Pas question de déficit fédéral - Manley croit avoir l'appui de Chrétien

Ottawa — Le vice-premier ministre et ministre des Finances, John Manley, a affirmé hier qu'il bénéficierait sans doute de l'appui du premier ministre Jean Chrétien s'il refusait d'augmenter ses dépenses pour éviter de faire un déficit.

Lors d'une entrevue au réseau de télévision CTV, M. Manley a même dit qu'il «obtiendrait un aller simple pour les ligues mineures», s'il n'équilibrait pas son premier budget à titre de ministre des Finances. «Je fais assez confiance au premier ministre pour penser qu'il ne me forcera pas à prendre cette voie-là», a-t-il ajouté.

Vendredi, Manley avait déclaré que le gouvernement fédéral ne ferait pas de déficit, en dépit des demandes du premier ministre qui souhaite augmenter le financement des services sociaux.

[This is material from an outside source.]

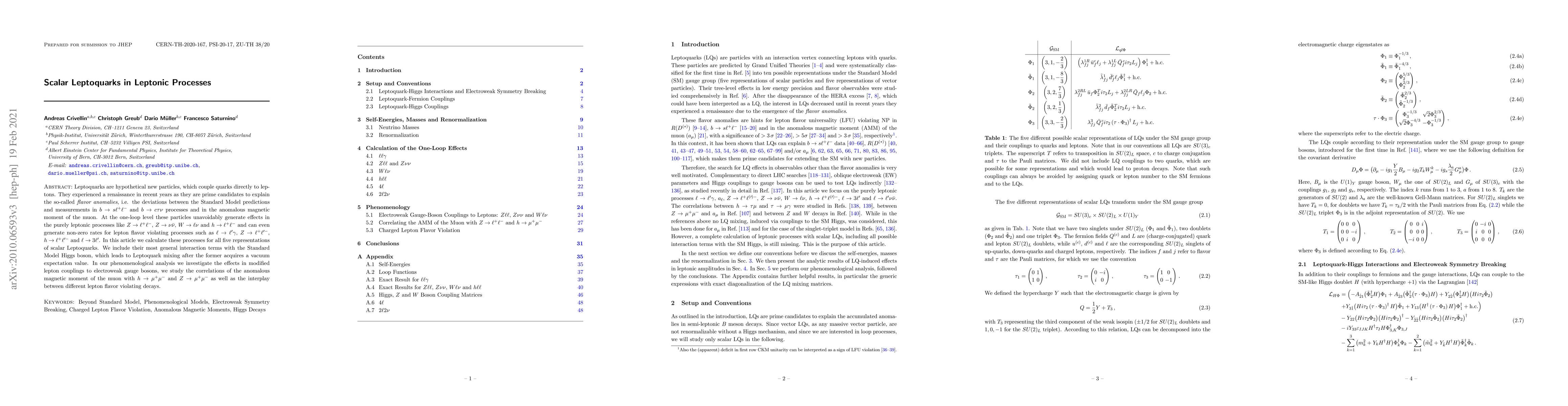 Leptoquarks are hypothetical new particles, which couple quarks directly to leptons. They experienced a renaissance in recent years as they are prime candidates to explain the so-called \textit{flavor anomalies}, i.e. the deviations between the Standard Model predictions and measurements in $b\to s\ell^{+}\ell^{-}$ and $b\to c\tau\nu$ processes and in the anomalous magnetic moment of the muon. At the one-loop level these particles unavoidably generate effects in the purely leptonic processes like $Z\to\ell^{+}\ell^{-}$, $Z\to\nu\bar\nu$, $W\to\ell\nu$ and $h\to\ell^{+}\ell^{-}$ and can even generate non-zero rates for lepton flavor violating processes such as $\ell\to \ell^{\prime}\gamma$, $Z\to\ell^+\ell^{\prime -}$, $h\to\ell^+\ell^{\prime -}$ and $\ell\to 3\ell^\prime$. In this article we calculate these processes for all five representations of scalar Leptoquarks. We include their most general interaction terms with the Standard Model Higgs boson, which leads to Leptoquark mixing after the former acquires a vacuum expectation value. In our phenomenological analysis we investigate the effects in modified lepton couplings to electroweak gauge bosons, we study the correlations of the anomalous magnetic moment of the muon with $h\to\mu^{+}\mu^{-}$ and $Z\to\mu^{+}\mu^{-}$ as well as the interplay between different lepton flavor violating decays.

Certains avaient alors laissé entendre que la prudence de Manley allait à l'encontre de la volonté de son chef. L'on s'attend en effet à ce que Jean Chrétien profite du discours du trône, prévu pour le 30 septembre, pour annoncer un important programme de dépenses dans les services sociaux.

John Manley estime cependant qu'il est encore trop tôt dans l'année fiscale pour évaluer de quelles sommes le gouvernement disposera pour son prochain budget. C'est sous la gouverne de Jean Chrétien que le Canada a renoué avec l'équilibre budgétaire, a-t-il ajouté. De plus, après les importantes compressions du milieu des années 1990, le premier ministre a rejeté toutes les demandes de ses ministres qui souhaitaient plus d'argent pour leurs projets.